Published Dec 9, 2005 11:56 PM

Contract negotiations between New York’s Metropolitan Transit Authority (MTA) and the Transport Workers Union (TWU) Local 100, representing over 33,000 members, are headed for a showdown on Dec. 15. The seven million daily riders on area trains and buses are being barraged with an anti-strike frenzy orchestrated by the MTA, its political cronies and the capitalist media. It is a sinister plot to break the union’s will and its demand for a decent contract.

The TWU is fighting back with informational picket lines and is gathering community support. On Dec. 10, members will gather at New York’s Javits Convention Center to vote on “future action.”

The non-elected MTA Board, most of whose members are hand-picked by billionaire Mayor Michael Bloomberg and Gov. George Pataki, are soul mates of Wall Street bankers and bondholders who pocket the interest from the MTA’s huge debt at exorbitant rates. Along with well-heeled vendors, they are the primary beneficiaries of the MTA budget.

Feeding on taxes from the working public, constantly increasing fares and real estate and other investments, the MTA has accumulated assets worth tens of billions of dollars, but its true worth is concealed behind the inscrutable language of chief financial officers. Holding vast and valuable property, the MTA is a big-business operation, Wall Street-style.

The subways and buses should be owned and operated by representatives of the transit workers and the public, elected from their communities. They have created the value and wealth of this giant enterprise. MTA property includes huge revenue-producing bridges and tunnels. Recently, State Comptroller Alan Hevesi reported a growing surplus of around $1 billion from fare hikes on MetroCards, bridge and tunnel tolls, and exorbitant investment/real estate fees. The MTA had reported a $76 million surplus—a $934 million lie. This strategy is borrowed from Wall Street: to cook the books and then cry poverty to defeat the workers’ demands for decent wage increases and benefits.

The MTA has no plans to bargain in good faith with TWU Local 100 and its members. It wants to eliminate more jobs. It has already closed booths and eliminated conductors and elevator operators, and is now demanding more productivity from the multinational workforce that labors underground on tracks, platforms and trains in dangerous, unhealthy conditions. Above ground, bus drivers are confronted with congested traffic and demanding, stressful schedules. Yet the MTA wants to attack sick leave and health benefits while extending the retirement age.

Subway workers and bus drivers are responsible for the safety of 7 million workers commuting to their jobs, while their own jobs are overloaded with risks. In contrast, the MTA board and its silk-suited allies dictate the destiny of the transit workers and the riding public from their heated, richly furnished offices.
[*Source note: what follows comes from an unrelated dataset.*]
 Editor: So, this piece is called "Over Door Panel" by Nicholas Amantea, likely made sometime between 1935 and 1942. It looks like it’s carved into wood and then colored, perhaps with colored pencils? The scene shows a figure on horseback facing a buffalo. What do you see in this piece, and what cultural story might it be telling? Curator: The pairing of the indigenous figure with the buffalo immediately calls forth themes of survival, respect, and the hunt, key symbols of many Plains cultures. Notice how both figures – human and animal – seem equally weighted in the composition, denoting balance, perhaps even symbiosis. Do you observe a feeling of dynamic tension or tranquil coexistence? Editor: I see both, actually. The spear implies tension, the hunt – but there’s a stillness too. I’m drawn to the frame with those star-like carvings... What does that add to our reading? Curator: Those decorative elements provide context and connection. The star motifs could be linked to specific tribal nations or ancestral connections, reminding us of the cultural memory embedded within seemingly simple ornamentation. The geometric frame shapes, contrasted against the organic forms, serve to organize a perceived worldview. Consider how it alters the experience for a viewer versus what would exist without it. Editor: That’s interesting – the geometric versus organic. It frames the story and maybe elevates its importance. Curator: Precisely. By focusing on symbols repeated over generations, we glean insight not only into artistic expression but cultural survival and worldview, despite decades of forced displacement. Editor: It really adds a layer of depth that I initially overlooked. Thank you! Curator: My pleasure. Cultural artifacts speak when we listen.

Behind the lifestyle and arrogance of the MTA, which hypocritically claims concern for the riding public but plans to raise fares and bridge tolls over the next two years, is the role of the state—the legislators and courts. There is the 1967 Taylor law signed by New York State Gov. Nelson Rockefeller, a scion of the billionaire family noted for hijacking property and wealth at the expense of workers and the people for over a century.

The Taylor law prohibits strikes by public workers and imposes severe penalties on unions and members who resist unjust, coercive collective bargaining. It punishes workers with two days’ loss of pay for each day on strike, as well as heavy fines on the union.
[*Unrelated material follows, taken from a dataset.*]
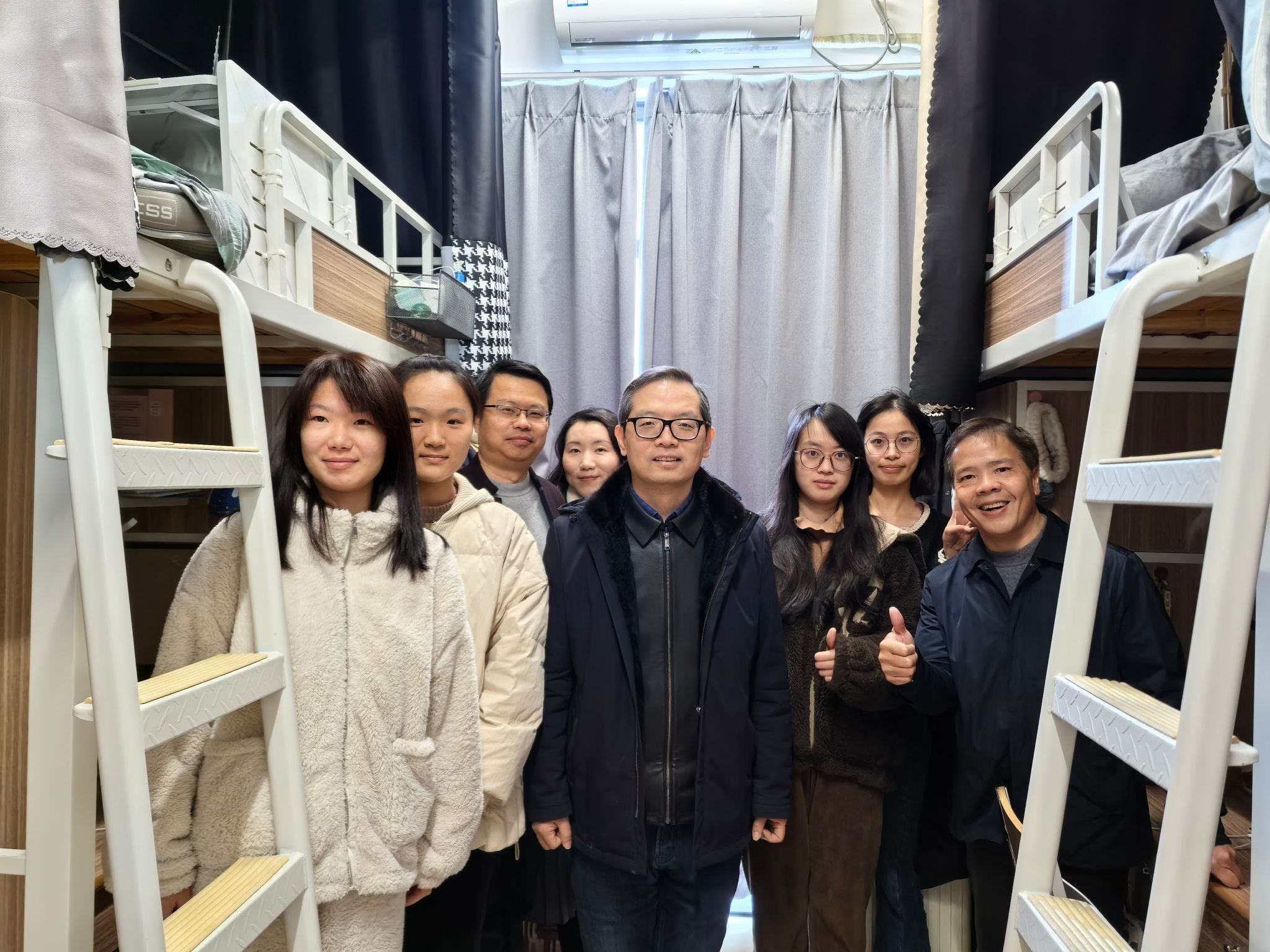 在学生寝室,周宏伟与同学们亲切交流,详细了解他们的学习生活情况。他鼓励同学们要珍惜大学时光,努力学习专业知识,不断提升自身综合素质,成为具有国际视野的优秀人才;叮嘱同学们注意人身安全,提高安全防范意识,时刻绷紧安全这根弦,度过一个平安、充实、快乐的学期。

Since 1967, successor governors and mayors have sought court injunctions to block the transport union from striking. Former Mayor Rudolph Giuliani even used the law to include punishing fines against the TWU for merely advocating and organizing to strike—in violation of free speech rights. The most basic democratic rights to withhold labor and to freely assemble in a quest for economic justice are illegal and punishable. This is unacceptable and must be challenged. The entire labor movement has a stake in the transit struggle.

Negotiations will probably go down to the wire, outcome uncertain. This is truly a crisis for the transit workers and the riding public—victims of the insatiable self-serving interests of a predatory, parasitic class of oppressors. The unity of labor, the riding public and their communities—the millions who are the majority—must change this exploitive relationship of class forces. The struggle is political as well as economic. Public ownership is the answer and public transportation should be free.

The 33,000 transit workers deserve every nickel they’re asking for, without concessions and tradeoffs, and a safe work environment. The public demands the right to a safe affordable ride. The millions of straphangers are inextricably tied to the transit workers and their union. The MTA is their enemy, too.